An Oklahoma grow facility was charged with racketeering charges for cultivating marijuana too close to their neighbor’s property threshold. Moving towards a new level of whistleblowing, next-door neighbors in Oklahoma filed a complaint against the operation under Racketeer Influenced and Corrupt Organizations (RICO)- one of the worst lawsuits- after accusing the growers of farming too close to their property. In the Northern District of Oklahoma, the neighbors, Keith and Stephanie Grant, filed the complaint, Grant et al. v. Flying Buds Farms L.L.C. et al. The lawsuit was against Grant and other affiliates of Flying Buds Farms for cultivating, distributing, and selling marijuana illegally.
According to the complaint, the Grants live in rural Oklahoma next to defendant Gary Bacon Jr. Bacon launched Flying Buds Farms with his co-defendant Derek Wachob in 2019 to cultivate marijuana and supply local dispensaries as well as their own D-Lux dispensary. Although the complaint concedes that the marijuana was farmed “approximately less than 50 feet away from the Grants’ property line,” the suit claims that the plaintiffs had to live “in the constant presence of an openly operating unlawful marijuana cultivation and distribution enterprise and a construction zone” thus making it impossible for them to properly “enjoy” their home. Pretty much everything about the cultivation operation bothered the couple next door.
The Grants asserted that they couldn’t enjoy their home due to bright lights at night, loud industrial fans, and alterations of the floodplain that eventually flooded parts of their property. Along with constant helicopter noises and the telltale cannabis odor, whether staff was firing up some rolling papers or simply the plants themselves, they said it had been a continuous disturbance. The Grants claim that their next-door neighbor’s business is illegal under federal law. However, Oklahoma’s government listed Flying Buds Farms under the Oklahoma Medical Marijuana Authority as a licensed grower as of December 15, 2021.
Since the state has no cap on medical cannabis licenses, there’s a massive influx of licensees and legal operations. This enormous surge of licenses sends neighbors into a bit of a panic. The couple also made claims that the property wasn’t owned by Bacon Jr. himself but by his stepmother and that they never received any notice from the State Fire Marshall or the Creek County Floodplain Management Board about the construction of the cultivation facility.
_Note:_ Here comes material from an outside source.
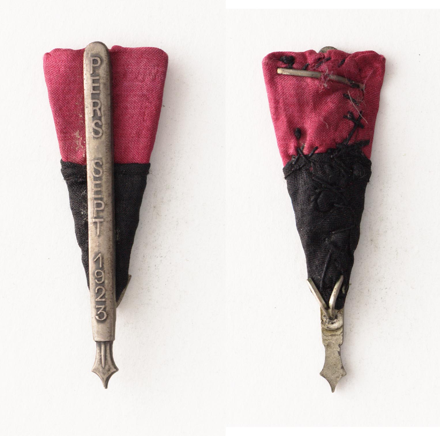 onbekende verwerving inv.nr. PA 1938 in depot Eenzijdig draagteken in de vorm van een zilveren vulpenhouder met van boven naar beneden het opschrift "pers sept 1923" op driehoekig rood-zwart lint

The plaintiffs are suing on the counts of the violation of 18 U.S.C. Sec. 1962(C) and (D), nuisance, and injury to property.
As reported by Law Street Media, the couple is aiming for “injunctive relief enjoining the defendants from further unlawful racketeering activities, three times their damage caused by their racketeering activities, compensatory damages, abatement of nuisances, disgorgement, attorney’s fees, and cost, and other relief.”